Nomura maintains Shanda game to buy rating target 4 USD

Source: Internet
Author: User
Keywords Nomura Securities

News and information Technology http://www.aliyun.com/zixun/aggregation/17197.html "> Beijing time March 5, Nomura released its research report today to maintain the" buy "rating of the Shanda game stock, with a target price of $4.

The following is a summary of the report:

Investors have been worried about the short-term growth prospects of Shanda games in the past 3 quarters, especially given the slowing growth of old games such as the Blood legend and the legendary world, and the uncertain timing of new games such as Final Fantasy 14.

Shanda Gaming shares have been under pressure to fluctuate between 2.70 and 3.20 in recent months. While we understand that business fundamentals are still relatively weak and uncertainties remain in the short term, we believe that all risks are reflected in the stock price. And according to our cross check using the classification plus total valuation method (SOTP), the unit appears to be undervalued.

When using the classification plus total valuation method for cross check, we noted that:

1 Grand game has 453 million USD net cash and cash equivalents (excluding cash from Actoz). In addition, according to Actoz's latest stock price calculation, the company's 51.2% stake is also worth 218 million of dollars. The total amount of these assets is $671 million trillion, equivalent to $2.47 per share of ads (US depository shares), accounting for about 82.3% of Shanda's $814 million worth.

2 in the 2013 fiscal year, we estimate that Shanda will generate 205.4 million dollars in cash flow (excluding Actoz), which contributes $0.76 per share, with a corresponding free cash flow yield of 25.3%.

3 The total amount of net cash, Actoz shares and free cash flow in fiscal year 2013 will be 877 million U.S. dollars, equivalent to $3.23 per share ads. Even if the company's free cash flow of fiscal year 2013 is only 50% of our expectation, that is, ads of $0.38 per share, the total will still reach ads of $2.85 per share.

4) We believe that Shanda's current 3-dollar share price suggests that its core gaming business is valued at almost zero. While business fundamentals may be weak in the short term, we believe that the big game fiscal year 2014 and future earnings and cash flows may still be positive.
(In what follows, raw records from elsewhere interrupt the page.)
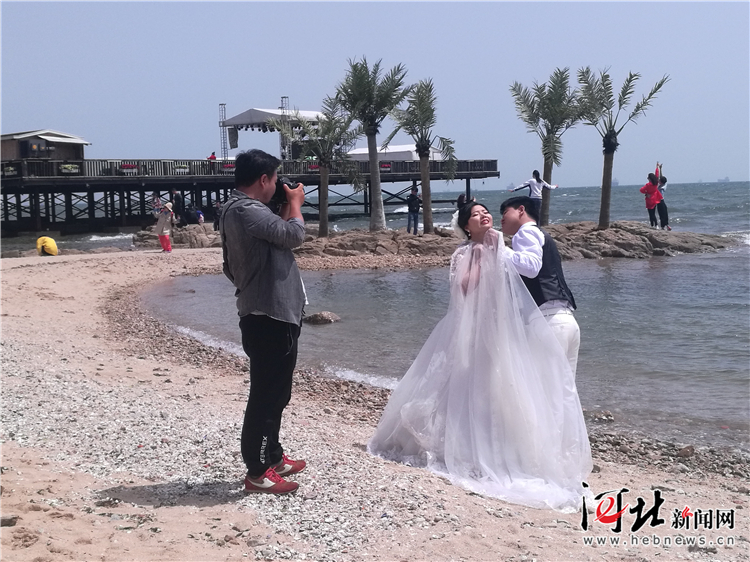 4月30日,一對新人在碧螺塔酒吧公園 拍攝 婚紗照片。 當(dāng)日,碧螺塔酒吧公園吸引了近百對新人前來拍攝婚紗照片。秦皇島市利用優(yōu)美的自然風(fēng)光以及豐富的山海河湖等旅游資源,完善
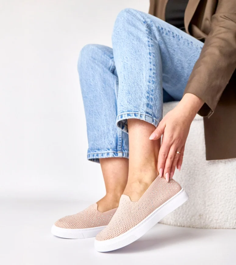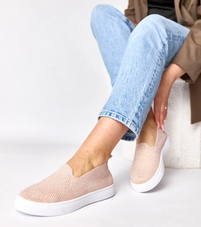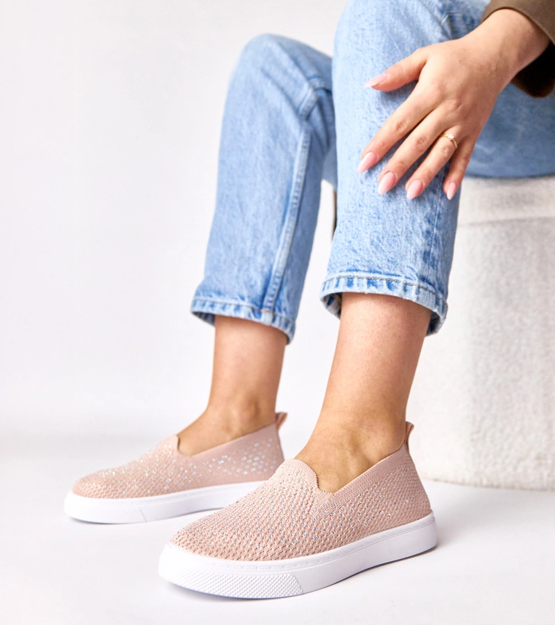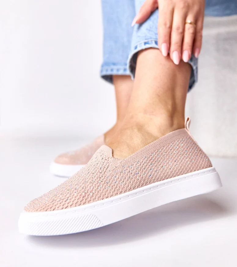 Różowe wsuwane materiałowe tenisówki z cyrkoniami Gabrielle
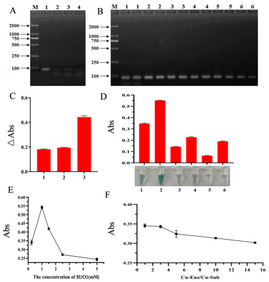 Under different conditions, the cutting efficiency of copper ions is also different. Three kinds of buffer were chosen to perform experiments, including buffer 1 (1.5 M NaCl, 50 mM HEPES, pH 7.0), buffer 2 (100 mM HEPES, pH 7.0, 0.008% (v/v) Trition X-100, and 400 mM NaCl), and buffer 3 (ultrapure water). The result is shown in Figure 2C. Under the condition of buffer 3, the change in absorbance (ΔAbs, ΔAbs = Abs0 − Abs, where Abs0 represents the absorbance in the absence of copper ions and Abs represents the absorbance in the presence of copper ions) was the biggest. Thus, buffer 3 was used in this study.
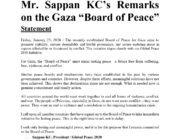 Mr. Sappan KC’s Remarks on the Gaza “Board of Peace” Statement Friday, January
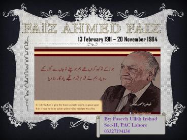 Faiz Ahmed Faiz by faseehullah Irshad PowerPoint PPT Presentation
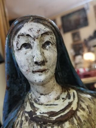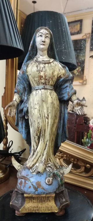 Vergine lignea tallada en madera policromada. Representa una figura religiosa con gran detalle. - Talla en madera. - Policromía original con signos de desgaste. - Base decorada con inscripción 'Regina Virginum'.

In the first quarter of fiscal year 2013, we maintained revenue forecasts for 173.6 million US dollars (0.9% quarter-on-quarter growth) and 0.16 US dollar non-US GAAP earnings per share. For the entire 2013 fiscal year, our total revenue is expected to remain at $728.9 million (down 1.7%), and non-US GAAP earnings per share are expected to remain at $0.68 trillion. We reiterate the "buy" rating of the Grand game, with a target price of $4, which corresponds to 5.9 times times the expected earnings per share of our 2013 fiscal year 0.68. In our view, the risk of the unit falling at this stage is very small.